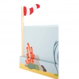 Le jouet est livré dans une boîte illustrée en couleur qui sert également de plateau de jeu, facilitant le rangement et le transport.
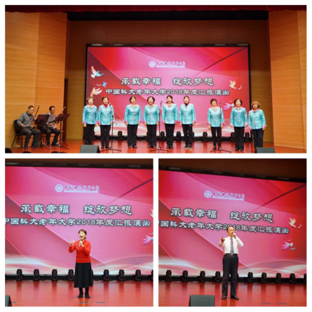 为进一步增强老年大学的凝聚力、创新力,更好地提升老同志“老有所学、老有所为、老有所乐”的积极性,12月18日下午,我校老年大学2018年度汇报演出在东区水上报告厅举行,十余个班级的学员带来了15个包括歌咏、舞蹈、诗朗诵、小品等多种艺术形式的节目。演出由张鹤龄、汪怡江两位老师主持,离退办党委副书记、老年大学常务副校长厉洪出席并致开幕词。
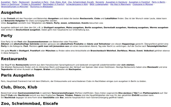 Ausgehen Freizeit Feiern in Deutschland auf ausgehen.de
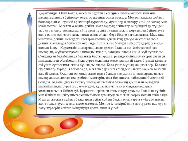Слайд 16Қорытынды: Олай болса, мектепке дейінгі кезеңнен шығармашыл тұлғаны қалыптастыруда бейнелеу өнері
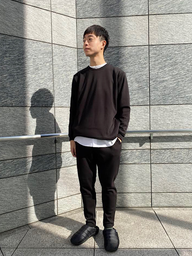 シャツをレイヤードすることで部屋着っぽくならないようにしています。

::::

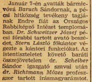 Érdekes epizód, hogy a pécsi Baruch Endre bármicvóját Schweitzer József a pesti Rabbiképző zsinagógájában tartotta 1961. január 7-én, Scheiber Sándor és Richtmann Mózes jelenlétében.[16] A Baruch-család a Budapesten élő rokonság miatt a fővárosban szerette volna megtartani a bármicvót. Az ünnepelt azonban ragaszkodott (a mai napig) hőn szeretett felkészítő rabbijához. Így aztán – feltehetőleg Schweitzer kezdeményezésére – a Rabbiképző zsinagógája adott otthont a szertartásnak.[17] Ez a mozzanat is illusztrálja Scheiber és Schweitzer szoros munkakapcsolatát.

::::

▶ _Exercise prompt_: Your task is to copy only the lines above starting at the one containing "为进一步增强老年大学的凝聚力" and ending at the one containing "シャツをレイヤードすることで部屋着っぽくならないようにしています。". Copy them exactly, both ends included, and omit the pictures.

▶ _Response to this exercise_:
 为进一步增强老年大学的凝聚力、创新力,更好地提升老同志“老有所学、老有所为、老有所乐”的积极性,12月18日下午,我校老年大学2018年度汇报演出在东区水上报告厅举行,十余个班级的学员带来了15个包括歌咏、舞蹈、诗朗诵、小品等多种艺术形式的节目。演出由张鹤龄、汪怡江两位老师主持,离退办党委副书记、老年大学常务副校长厉洪出席并致开幕词。
 Ausgehen Freizeit Feiern in Deutschland auf ausgehen.de
Слайд 16Қорытынды: Олай болса, мектепке дейінгі кезеңнен шығармашыл тұлғаны қалыптастыруда бейнелеу өнері
 シャツをレイヤードすることで部屋着っぽくならないようにしています。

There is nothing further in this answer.